LATE BOTTLED VINTAGE PORT
Late bottled vintage Ports – LBVs – are also somewhat confusingly named.  These are Ports from a single vintage that have been aged in the barrel for four to six years and then bottled.  They are ready to drink when the shipper releases them.  Though LBV’s have been barrel aged for four years (as opposed to vintage Port’s two), they are usually not substantial enough wines to have the potential to age for decades more in the bottle (which vintage Port can).  But don’t be misled.  Late bottled vintage Ports, despite their impressive sound name, are not the equal of vintage Ports.  They are wines of very good quality from good, not great years, but they lack the richness, complexity, and sophistication of vintage Port.
TRADITIONAL LATE BOTTLED VINTAGE PORT
Only a few Port shippers still make a traditional late bottled vintage Port which is closer to vintage Port than to the standard LBV.  Traditional late bottled vintage Ports are made like vintage Ports, but they come from good, not great (declared) years.  
VINTAGE PORT
No Port is more sought after- or expensive.  Vintage Port represents only 2 – 3 percent of the total production of Port.  It is made only in very good years when Port shippers declare a vintage.  All of the grapes in the blend will come only from that vintage and from top vineyards in the best parts of the Douro.
Vintage Ports are first aged two years in a barrel, to round off their powerful edges, and then can age a long time in bottle.  During bottle aging the Port matures slowly, becoming progressively more refined and integrated.  A decade’s worth of aging is standard, and several decades used to be fairly common.

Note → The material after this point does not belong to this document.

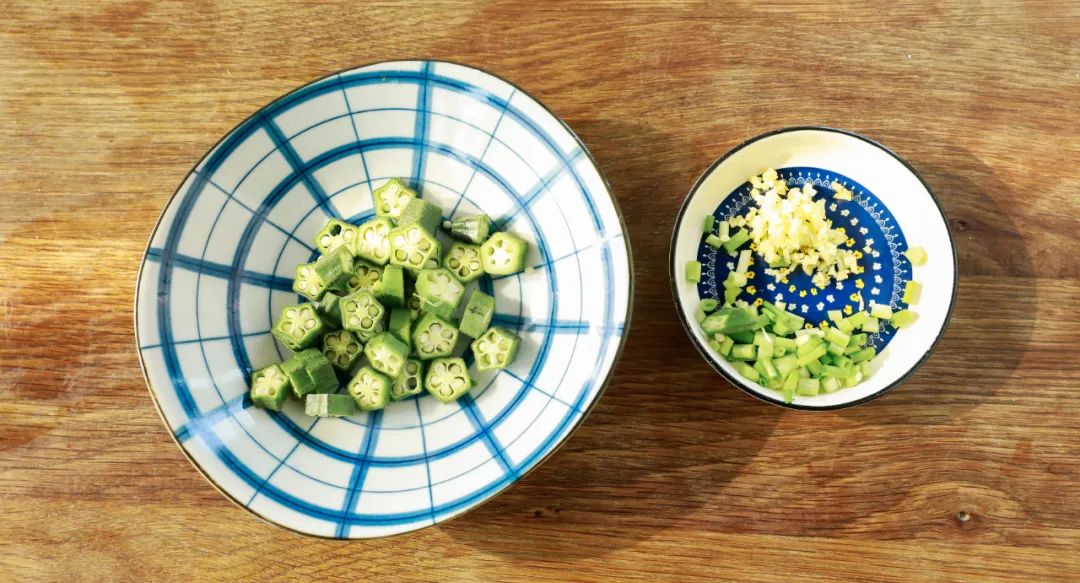 1.处理食材:把秋葵切成小圈,小葱切成葱花,姜切成末。

To maintain the intensity and richness of vintage Port, it is not filtered.  It therefore throws a great deal of sediment as it matures in the bottle and must be decanted.
The U.S. is the largest market in the world for one sty of Port, vintage Port.
Vintage Port can only be made in exceptional years when the young wines show near perfect balance.  In these years the shipper must first declare a vintage.  In years not declared for vintage Port, Port shippers take the grapes they might have used for vintage Port and blend them into other styles.
According to historical record, the first Ports from a single vintage were made around 1734
CRUSTED PORT
Crusted Port is designated as such because it leaves a heavy crust, or sediment, in the bottle.  This is simply a basic good hearty Port, made form a blend of several different years (the average age of the wines in the blend is 3-4 years), that has been bottled unfiltered.  As a result, it throws a sediment and must be decanted.  Gustsy, full- bodied, and moderately priced, it’s sometimes described as the working man’s vintage Port.